Fender Wildwood
The Fender Wildwood guitar was a flat-top acoustic guitar introduced by the Fender company in 1966. The Wildwood was a variation on the Fender Kingman guitar, featuring a variety of dyed wood colors. The unique color patterns were achieved by injecting living beech trees with dye prior to being harvested to make the veneer for the back, sides, top and headstock. "Wildwood" guitars were available in gold, brown, purple, dark blue, purple-blue, green or blue-green. Fender offered other acoustic and electric models with the same veneer option, adding "Wildwood" to the model name (often noted on the pick guard) as with the "Wildwood" Fender Coronado.
Fender "Wildwood II's", like other Fender acoustic guitars of the time, were unique in that the neck of the acoustic guitar was the same as those used on Fender electric guitars and bolted to a block inside the acoustic guitar body. A "resonator bar" extended inside the body from the neck block to the bottom of the guitar, which reportedly benefited the tone of the guitar. Charlie Pride played a green Wildwood II onstage during the height of his career in the late 1960s.

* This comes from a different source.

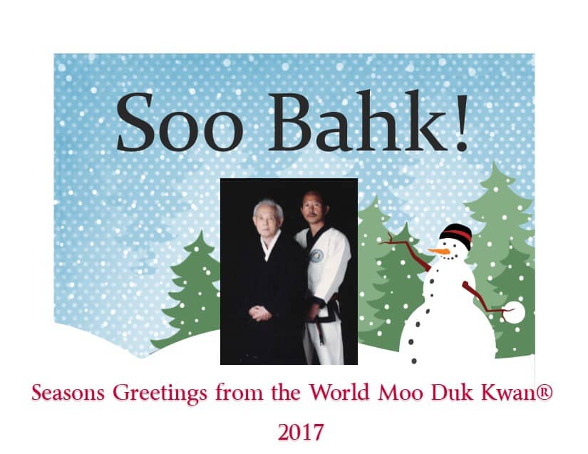 EXTENDING MY PERSONAL GREETINGS AND BEST WISHES AROUND THE WORLD TO THOSE WHO DEDICATED THEIR TIME AND EFFORTS TO THE ART OF SOO BAHK DO® IN THE MOO DUK KWAN® STYLE, THANK YOU FOR YOUR CONTINUING SUPPORT IN ENDORSING THE FOUNDER'S VISION OF WORLD PEACE THROUGH YOUR ACTION.

Fender marketed an attachable pickup ref. FP-6 for this range and other flat-top acoustic guitars having the 'resonator bar', to which the pickup was attached. It was manufactured by Rowe Industries of Toledo,Ohio. The pickup is electromagnetic with integral volume and tone controls,and is finished in chrome, embossed 'Fender'. See www.musicpickups.com/Fender.html for photo and notes.
The guitar was discontinued in 1971.